▸ What you will do
Where the line containing "- Tomar azúcar" appears below, start there and repeat each line exactly to the end. Leave the pictures out.

(Items from a data source)
=== Begin Enclosure ===

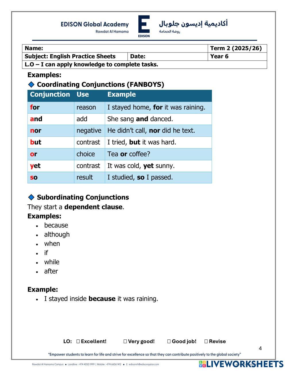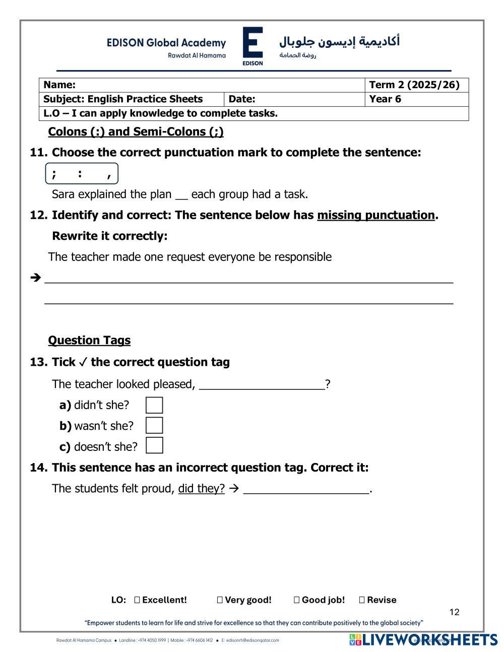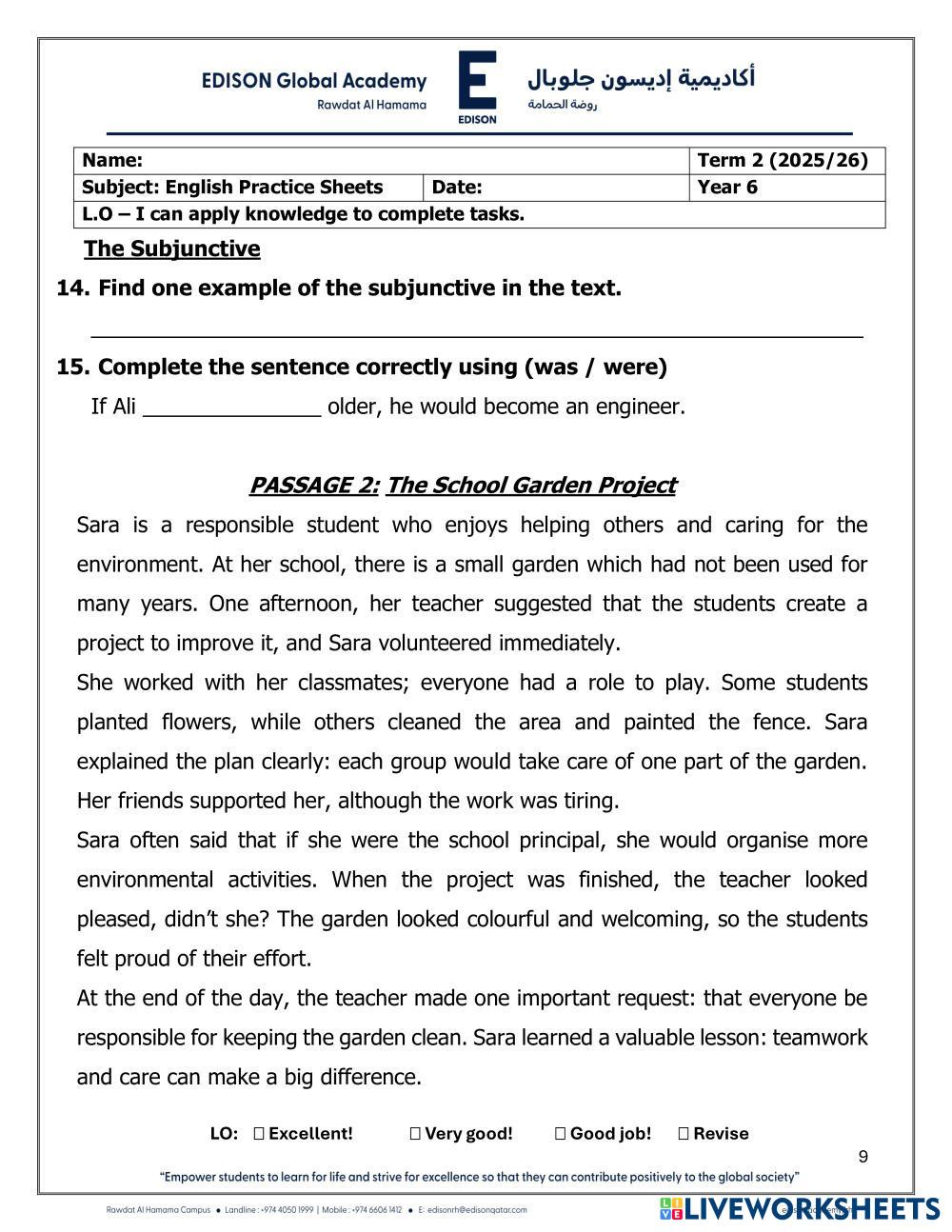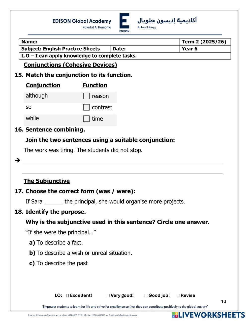 English Practice worksheet - Year 6 - Term 2
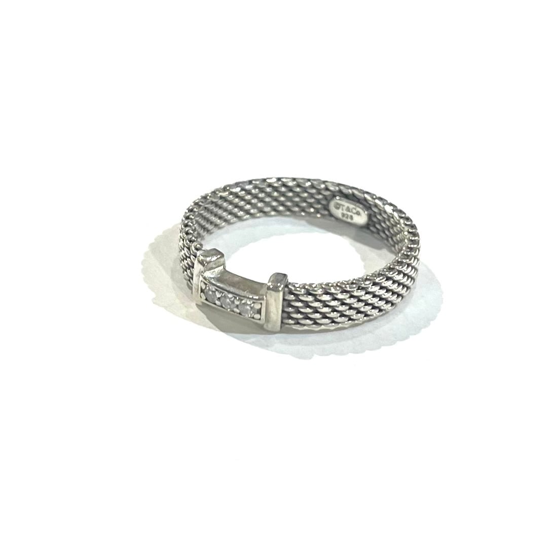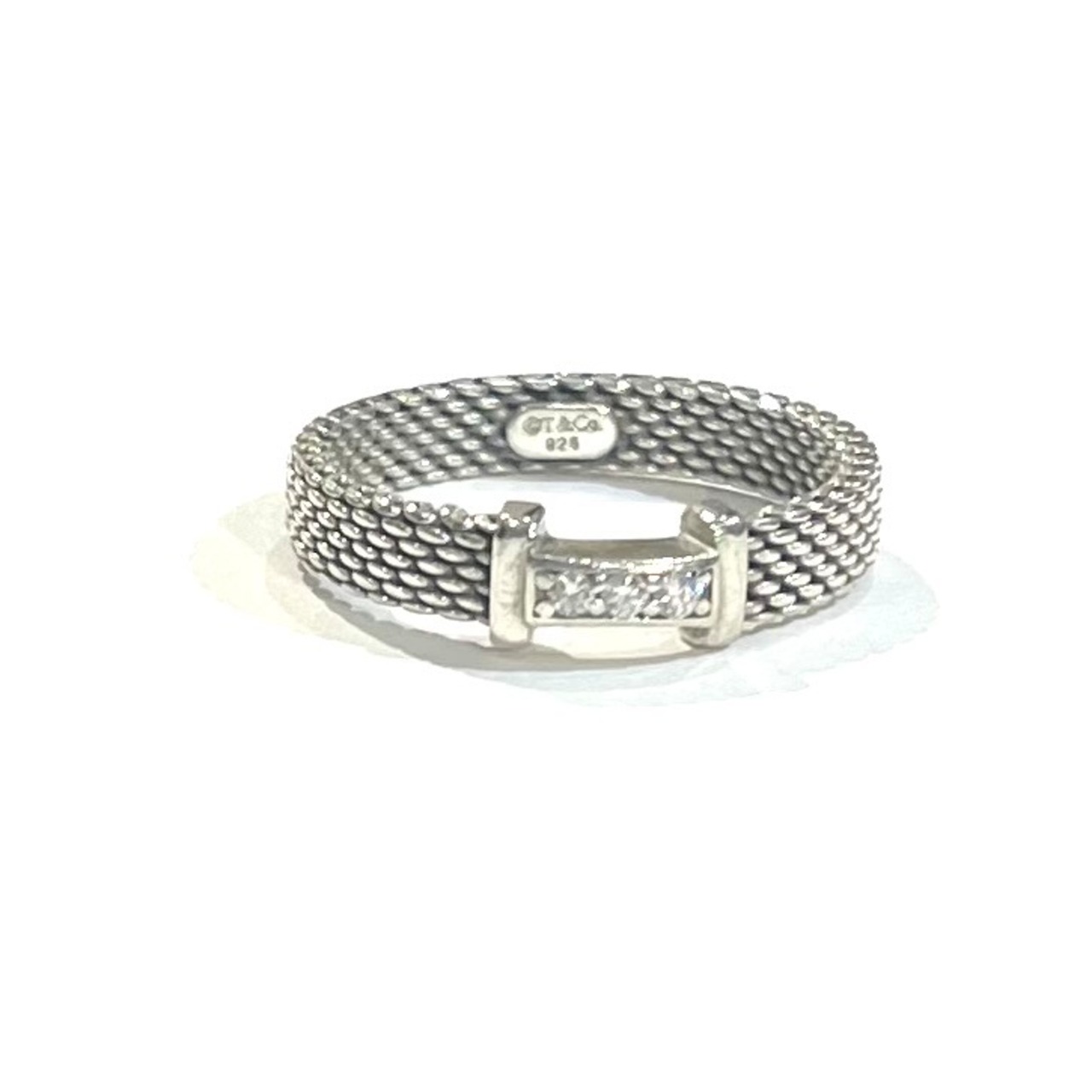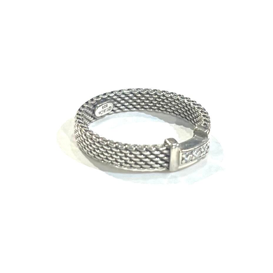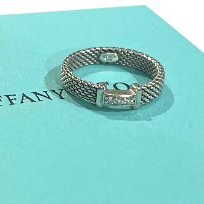 希少【TIFFANY&CO】2213 ダイヤモンドサマセット ティファニー 14.5号リング/指輪チェーンメイルデザイン/スターリングシルバー(SV925)/アンティーク名品90年代 ダイヤリング ダイヤモンドメンズ ダイヤモンドアクセサリー
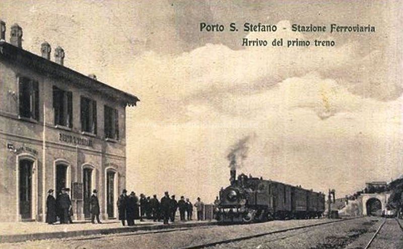 Cartolina d'epoca dell'arrivo del treno inaugurale alla stazione di Porto S. Stefano (archivio P. A. Marchese)
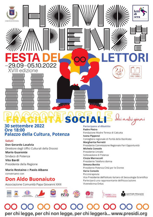 A Potenza sarà don Aldo Bonaiuto, dell’associazione Comunità Giovanni Paolo XXIII, a conversare con il presidente regionale dell’Ordine dei giornalisti Mario Restaino e con Paolo Albano presidente dell’associazione culturale ‘Letti di Sera’, nell’appuntamento ‘Raccontare le fragilità sociali dei nostri giorni’, in programma venerdì 30 settembre 2022, alle ore 18:00, nel Palazzo della Cultura, in via Cesare battisti, 22.
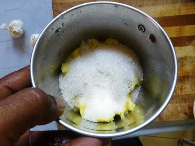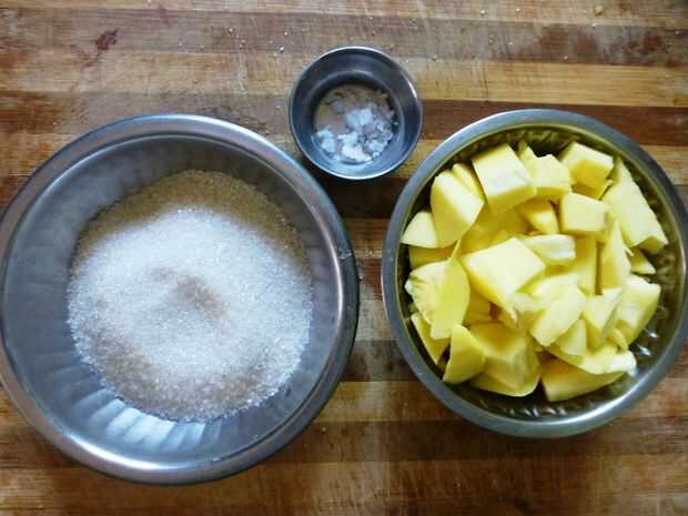 - Tomar azúcar alrededor de la mitad la cantidad de cubos de mango.
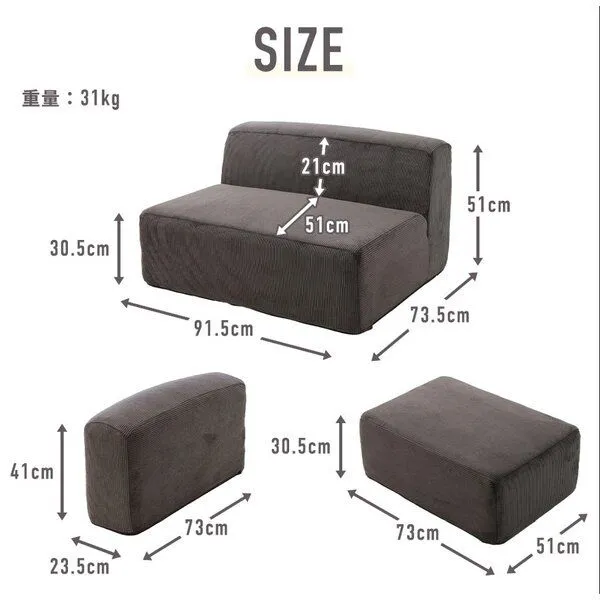 2人掛け:W91.5×D73.5×H51cm(SH30.5)1オットマン:W51×D73×H30.5cm肘:W23.5×D73×H41cm製品重量:31kg/set
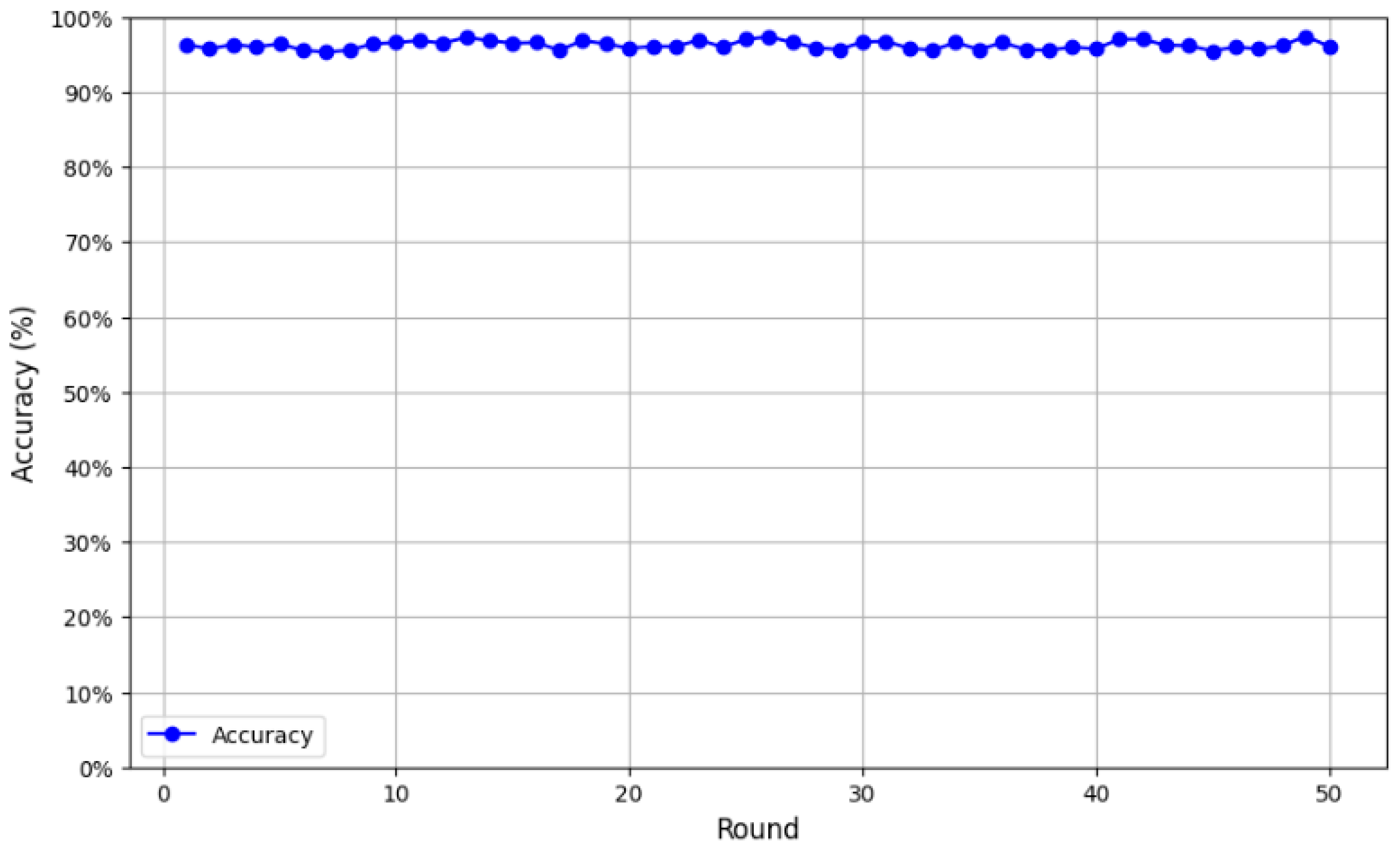 Figure 6, accuracy was monitored over 50 validation rounds, revealing a consistent upward trend. The model achieved an average accuracy of 95.27%, with performance peaking at 97.45% in the final round, confirming its robustness and efficiency.

=== End Enclosure ===

▸ Exercise answer
 - Tomar azúcar alrededor de la mitad la cantidad de cubos de mango.
 2人掛け:W91.5×D73.5×H51cm(SH30.5)1オットマン:W51×D73×H30.5cm肘:W23.5×D73×H41cm製品重量:31kg/set
 Figure 6, accuracy was monitored over 50 validation rounds, revealing a consistent upward trend. The model achieved an average accuracy of 95.27%, with performance peaking at 97.45% in the final round, confirming its robustness and efficiency.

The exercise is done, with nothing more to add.